Elasticsearch Mapping and Logs

To control settings for how a field is analyzed in Elasticsearch, you’ll need to define a mapping. This works similarly in Logsene, our log analytics SaaS, because it uses Elasticsearch and exposes its API.

With logs you’ll probably use time-based indices, because they scale better (in Logsene, for instance, you get daily indices). To make sure the mapping you define today applies to the index you create tomorrow, you need to define it in an index template.

Managing Multiple Types

Mappings provide a nice abstraction when you have to deal with multiple types of structured data. Let’s say you have two apps generating logs of different structures: both have a timestamp field, but one recording logins has a user field, and another one recording purchases has an amount field.

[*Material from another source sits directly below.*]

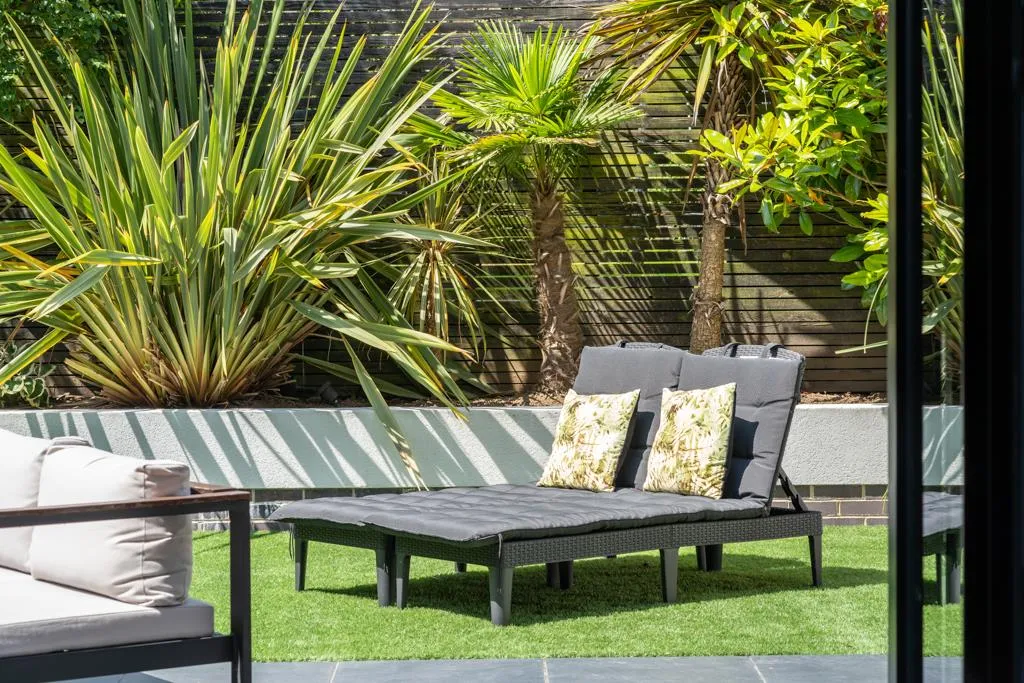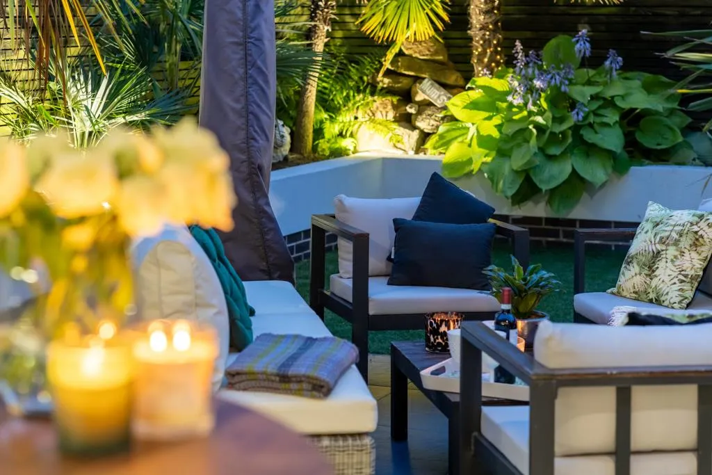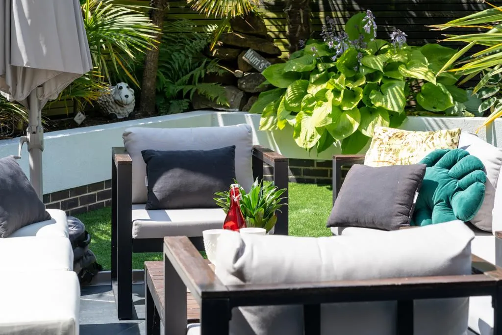 To the rear of the property, there is a slate flagged seating terrace with exterior lighting and access can be gained to the breakfast kitchen. There is also an area with artificial grass that is bordered by raised planters containing mature trees, shrubs and exterior lighting. Access can be gained to the left side of the property via steps, which lead down to a slate flagged path with exterior lighting, a water tap and is blocked off by a fence panel.

To deal with this, you can define the timestamp field in the _default_ mapping which applies to all types. Then, in each type’s own mapping we’ll define fields unique to that mapping. The following snippet is an example that works with Logsene, provided that aaaaaaaa-bbbb-cccc-dddd-eeeeeeeeeeee is your Logsene app token. If you roll your own Elasticsearch, you can use whichever name you want, and make sure the template name applies to matches index pattern (for example, logs-* will work if your indices are in the logs-YYYY-MM-dd format).

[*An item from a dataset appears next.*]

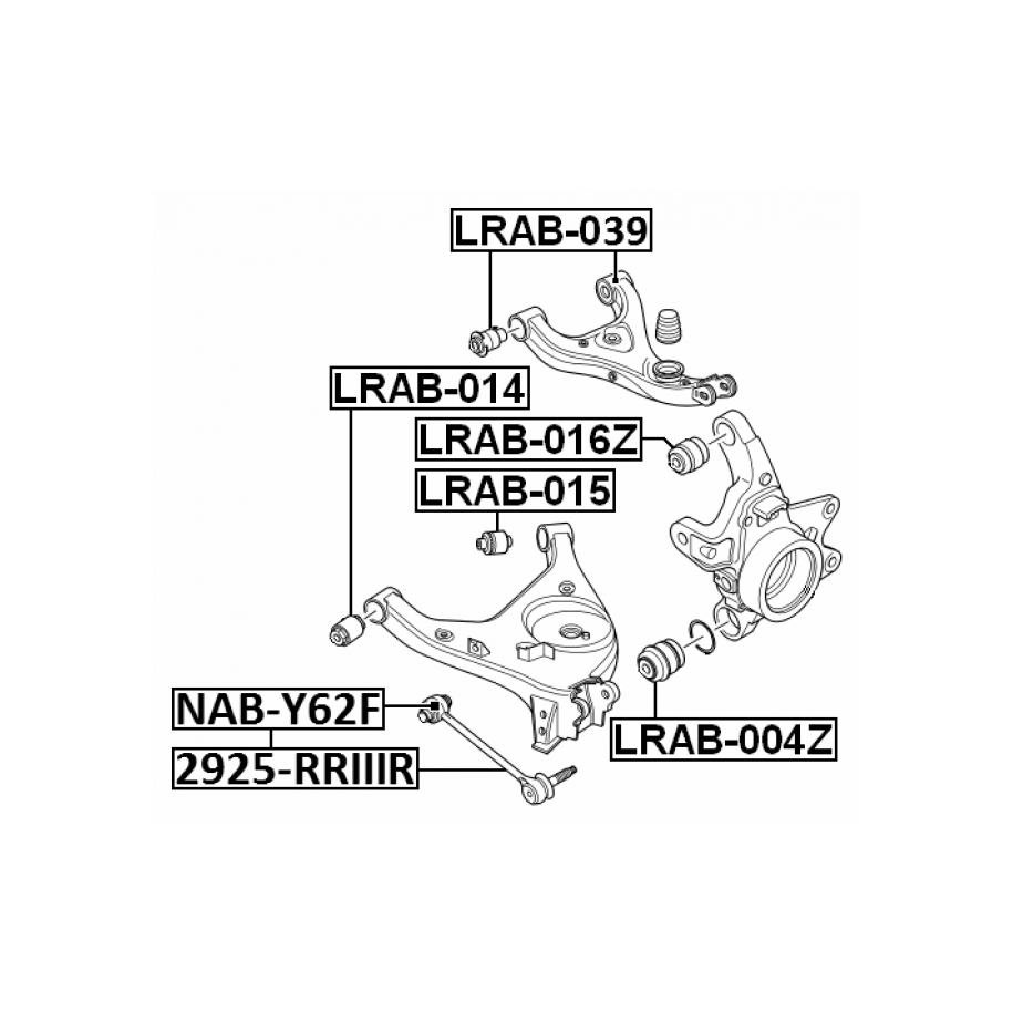 This Brand New Bushing, Rear Lower Control Arm OE Ref RGG000084 for LAND ROVER manufactured by FEBEST.This is a direct replacement Bushing, Rear Lower Control Arm OE Ref RGG000084 part and equivalent to OEM Part number RGX000060 and some other cross reference part numbers. This is top quality and fully guaranteed Bushing, Rear Lower Control Arm OE Ref RGG000084 manufacturer by FEBEST with Reference Number LRAB-014, EAN: 4056111066110. At e Auto Parts, This Bushing, Rear Lower Control Arm OE Ref RGG000084 is available at best competitive prices including Vat at £29.00. We are one of the UK`s leading Suspension supplier with an excellent feedback from our customers. Buy with Confidence, 30 days money back guarantee!

curl -XPUT 'logsene-receiver.sematext.com/_template/aaaaaaaa-bbbb-cccc-dddd-eeeeeeeeeeee_MyTemplate' -d '{
 "template" : "aaaaaaaa-bbbb-cccc-dddd-eeeeeeeeeeee*",
 "order" : 21,
 "mappings" : {
  "_default_" : {
   "properties" : {
    "timestamp" : { "type" : "date" }
   }
  },
  "firstapp" : {
   "properties" : {
    "user" : { "type" : "string" }
   }
  },
  "secondapp" : {
   "properties" : {
    "amount" : { "type" : "long" }
   }
  }
 }
}'

Sending JSON Logs to Specific Types

When you send a document to Elasticsearch by using the API, you have to provide an index and a type. You can use an Elasticsearch client for your preferred language to log directly to Elasticsearch or Logsene this way. But I wouldn’t recommend this, because then you’d have to manage things like buffering if the destination is unreachable.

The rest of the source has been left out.